Point taken. However, one can certainly argue that The Merry Wives of Windsor would have been a so much more appropriate source material for the DVD in question. Such a centralized comedic production would naturally (and more likely!) be found on a local line. When we look at the breadth of Lear, it seems more probable that a Greyhound or perhaps a Trailways was involved. You can’t have tragedy on a local line.
Perhaps the OP can clear this up.
I can’t believe the OP watched it! Didn’t your phone ring after!? Look, you need to burn 5 copies immediately and drop them places where people will find them.
If not… in seven days… Megan Vaughn will take your Ring…! :eek:
Actually that is the easiest to explain by example. I have in my collection a VHS video of James Earl Jones as King Lear (1974), and a DVD of Derek Jacobi (2011) as King Lear. Thus the existence of a modern media performance does not preclude the existence of an earlier presentation. And while some modern scholars argue on who inspired the Bard ( Chaucer, Plutarch?) or even who wrote the vast volume of work ( Bacon? (MMmmmmm) its easy to make some comparisons. Also, the existence of modern appliances in a movies does not negate it’s basis in an earlier work. Ian Mckellen’s Richard III (1995) has tanks and aircraft which I don’t believe were seen in the original 1591 performance.

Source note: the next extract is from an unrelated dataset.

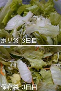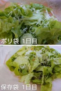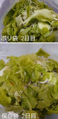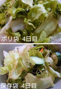 4日目 どちらも冷蔵庫に入れてみましたが、サラダでは顕著な違いは感じられませんでした。 そもそも、この保存袋は野菜や果物をそのまま入れて使うものだと思うので、野菜そのまま入れれば差がつくのかもしれません。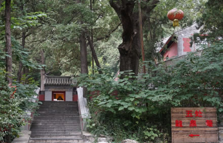 出秘魔崖,沿證果寺門(mén)前小盤(pán)道下行至南面水井,此處樹(shù)木成林,茂密非常,且均高大參天。日出東坡,光照林梢之時(shí),愈發(fā)覺(jué)得明暗濃淡別有意趣。唐詩(shī)所詠:“清晨入古寺,初日照高林”似不啻此處之景。

I can’t answer your question because I don’t watch such trash.
And kindly return my DVD.
But that is not your argument as I understand it. If the bulk of NBH3 predates Lear, then the modern devices (plot and otherwise) that are such an integral part of the DVD erotic production would necessarily have had to exist in some form prior to 1606. Clearly they did not. Thus it follows that for your inane theory to be correct, there must have been an earlier source production for both works that was more NBH3 and less King Lear. I do not see how this might be possible, irregardless of how many DVDs of modernized PBS-friendly Shakespearean sagas exist at the public library.

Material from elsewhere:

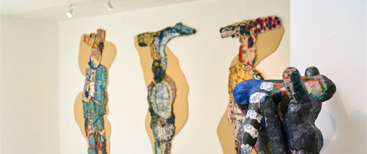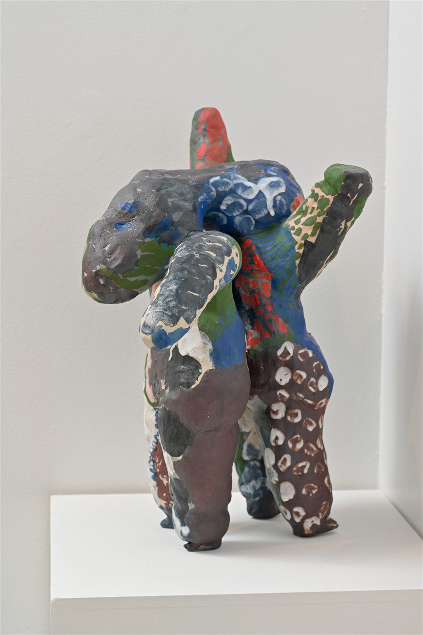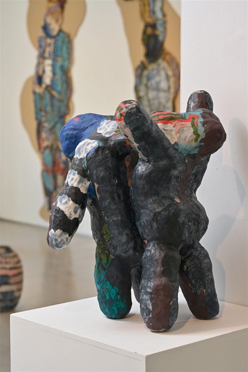 גור: כן. אני מציג שישה פסלים של דמויות, בגודל 50-60 ס״מ, בנויות בבניית יד. הבנייה שלהן וגם הצבעוניות שלהן התהוותו מתוך אינטואיציה. הן גושניות, חומריות, טקסטורליות. ניסיתי ליישם עליהן צבעוניות שמתייחסת לתכונות החומריות והנפחיות שלהן ועובדת איתה, ולא נראית כמו קעקוע על גבי אבן

Consider this from King Lear:
Cordelia: “I cannot heave my heart into my mouth.”
and this from NBH3:
Cordelia: “I cannot help but heave your part into my mouth, big boy.”

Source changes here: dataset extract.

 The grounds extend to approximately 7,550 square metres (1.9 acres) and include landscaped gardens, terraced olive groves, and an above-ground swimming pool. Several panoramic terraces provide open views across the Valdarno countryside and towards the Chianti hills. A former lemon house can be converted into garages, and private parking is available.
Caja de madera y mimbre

The term “big boy” would not have been used in the seventeenth century.
Furthermore, the Duke of Albany in NBH3 is from New York. 'Nuff said.
In my younger, more emotional days, I would’ve treated such a find like winning the lottery.
Since then, I’ve learned the hard way that at least 80% of commercial adult video is about as erotic as a toxic chemical spill (and sometimes looks like it). I am now VERY particular in what I decide to keep and probably wouldn’t even look at some random lost item on a bus.
“Naughty”? Pah. Red flag. Pass.
Indeed. My first reaction was outrage that an adult (I presume the original poster is an adult) would pick up something that would be worth so much to a starry-eyed young lad.
But then it occurred to me that starry-eyed young lads can just rustle up all the filth they could ever want on the internet nowadays. I was born in the wrong era…
EDIT: I can’t comment on how accessible pornography is to the average Trinidadian teenager, though.
The bus driver called - your DVD is overdue.